Open lecy opened 4 years ago
I'm a bit confused by these instructions:
st.fips <- state + 10000
st.fips <- substr( st.fips, 4, 5 ) # extract last two numbers
ct.fips <- county + 10000
ct.fips <- substr( ct.fips, 3, 5 ) # extract last three numbers
county.fips <- paste0( st.fips, ct.fips )
If my FIPS is: 17-031-010100, would the following code be correct?
st.fips <- 17 + 10000
st.fips <- substr( st.fips, 1, 7 ) # extract last two numbers
ct.fips <- 031 + 10000
ct.fips <- substr( ct.fips, 3, 1 ) # extract last three numbers
fips <- paste0( st.fips, ct.fips )
> # this doesn't work
> st.fips <- 17 + 10000
> substr( st.fips, 1, 7 )
[1] "10017"
>
> # substring extracts part of a string
> # start = first position in the string
> # stop = last position in the string
> args( substr )
function (x, start, stop)
NULL
>
> x <- "aloysius snuffleupagus"
> substr( x, 10, 16 )
[1] "snuffle"
>
> # leading zeros problem
> state <- 01
> county <- 030
> tract <- 999911
> paste( state, county, tract, sep="-" )
[1] "1-30-999911"
>
> # should be 01-030-999911
>
> # convert numeric vectors to character
> # with the leading zeros intact
>
> substr( state+10000, start=4, stop=5 )
[1] "01"
> substr( county+10000, start=3, stop=5 )
[1] "030"
>
> s.fixed <- substr( state+10000, start=4, stop=5 )
> c.fixed <- substr( county+10000, start=3, stop=5 )
> t.fixed <- substr( tract+100000000, start=4, stop=9 )
>
> paste( s.fixed, c.fixed, t.fixed, sep="-" )
[1] "01-030-999911"
@sunaynagoel
Fixing FIPS codes to avoid leading zero problems.
You can easily parse this ID to extract state, county, and tract when needed.
Note that state FIPS is actually 2 digits, not 3.
You could create other levels by adding a leading character. This format perhaps?
s-## c-### t-######
If you convert a number to a character to solve the problem, then write the dataset to a CSV and re-load it the vector will be converted back to a number.
If there is a leading character you will never have the leading zeros problem. But you might need to remove the leading codes before combining into a unified FIPS.

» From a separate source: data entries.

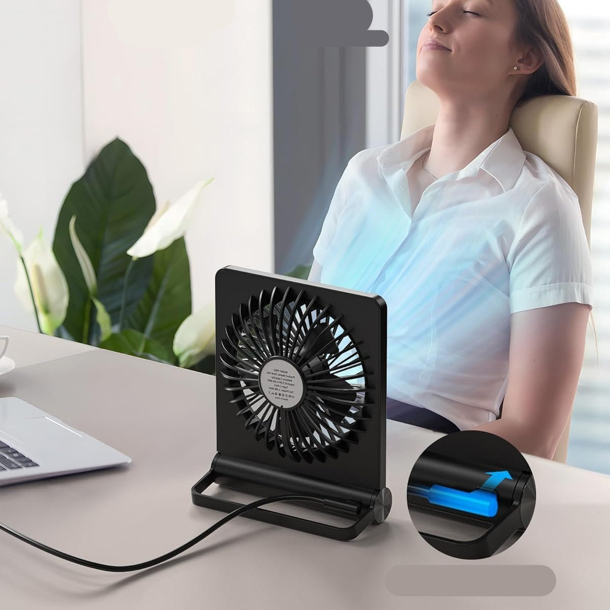 BreezeFlow - Ultra-støjsvag bordventilator med stærk luftstrøm og lækkert design
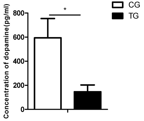 Serum dopamine concentrations in the control group (CG) and the BPA treatment group (TG). The data are expressed as the mean ± SD (n = 3); * indicates a significant difference at p < 0.05.
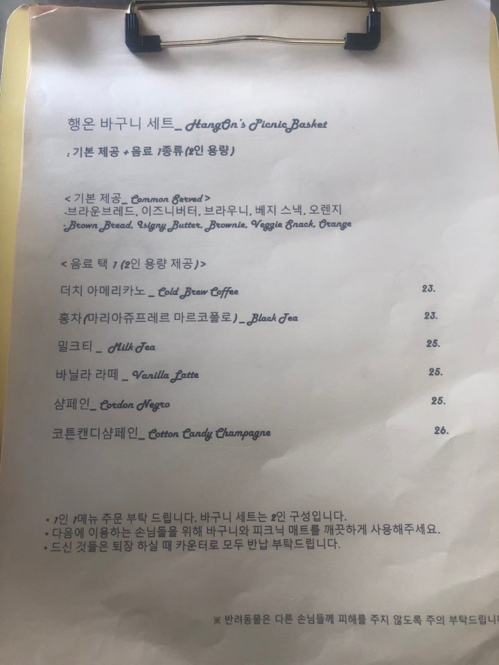 역시 메인은 행온 바구니세트 입니다. 피크닉 세트는(기본 제공+음료 1종류)가 포함되어있는데요. 기본 제공은 브라운 브레드, 이즈니 버터, 브라우니, 베지스낵, 오렌지와 음료 택 1 한 가지를 고르시면 됩니다.
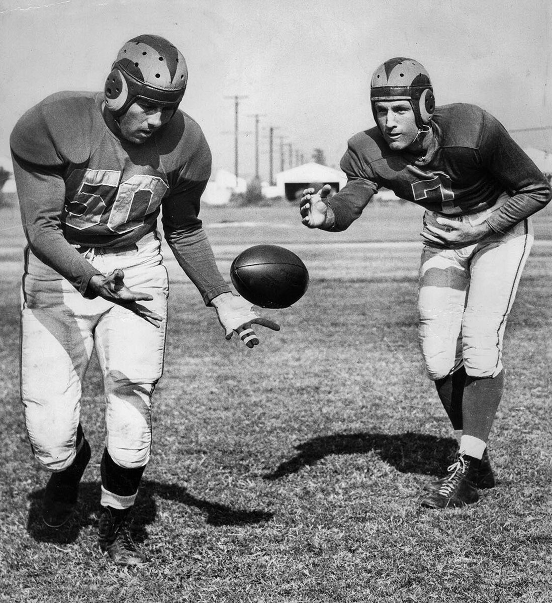 Here is QB (right) & HB Vitamin T. Smith in preseason on Aug. 25, 1949.

The biggest issue is when someone creates a unified FIPS without resolving leading zeros:
Now if a FIPS code is less than 11 digits long you have no idea which zero was missing and you completely break the integrity of your data for a subset of observations. That's the type of problem you can't undo if you don't have the original sub-components of the IDs.